Activity |
Take the line that contains "Capa de carregamento" and each line after it to the end of the data below, and set them down exactly, omitting pictures.

Records supplied |
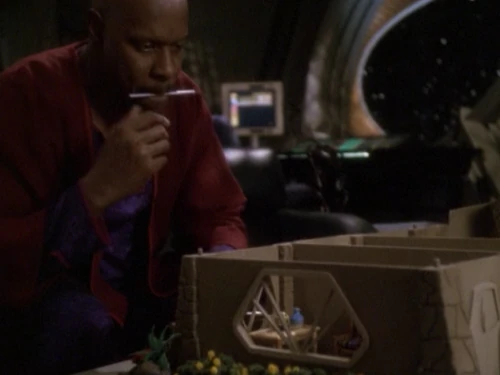 In seiner freien Zeit arbeitet Sisko weiter an dem Modell des Hauses, das er auf Bajor plant. Als er gerade das Dach auf das Modell setzen will, hat er eine Vision.
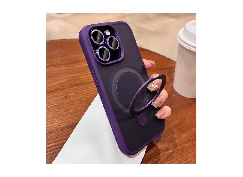 Capa de carregamento sem fio luxuosa para iPhone 11 12 13 14 15 Pro Max Plus Suporte de anel magnético Capa de proteção para câmera, roxa, para iPhone 11Pro Max
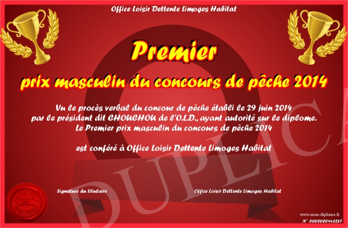 Envoyez par email votre Premier prix masculin du concours de pêche 2014 personalisé
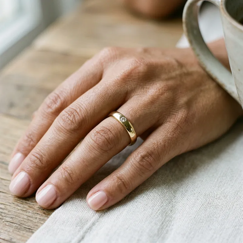 Elegant Close-Up of a Woman's Hand with Gold Ring
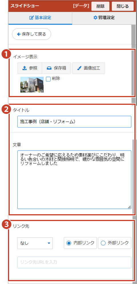 表示される画像をクリックすると、他のページへ遷移するリンクを設定できます。

Answer below |
 Capa de carregamento sem fio luxuosa para iPhone 11 12 13 14 15 Pro Max Plus Suporte de anel magnético Capa de proteção para câmera, roxa, para iPhone 11Pro Max
 Envoyez par email votre Premier prix masculin du concours de pêche 2014 personalisé
 Elegant Close-Up of a Woman's Hand with Gold Ring
 表示される画像をクリックすると、他のページへ遷移するリンクを設定できます。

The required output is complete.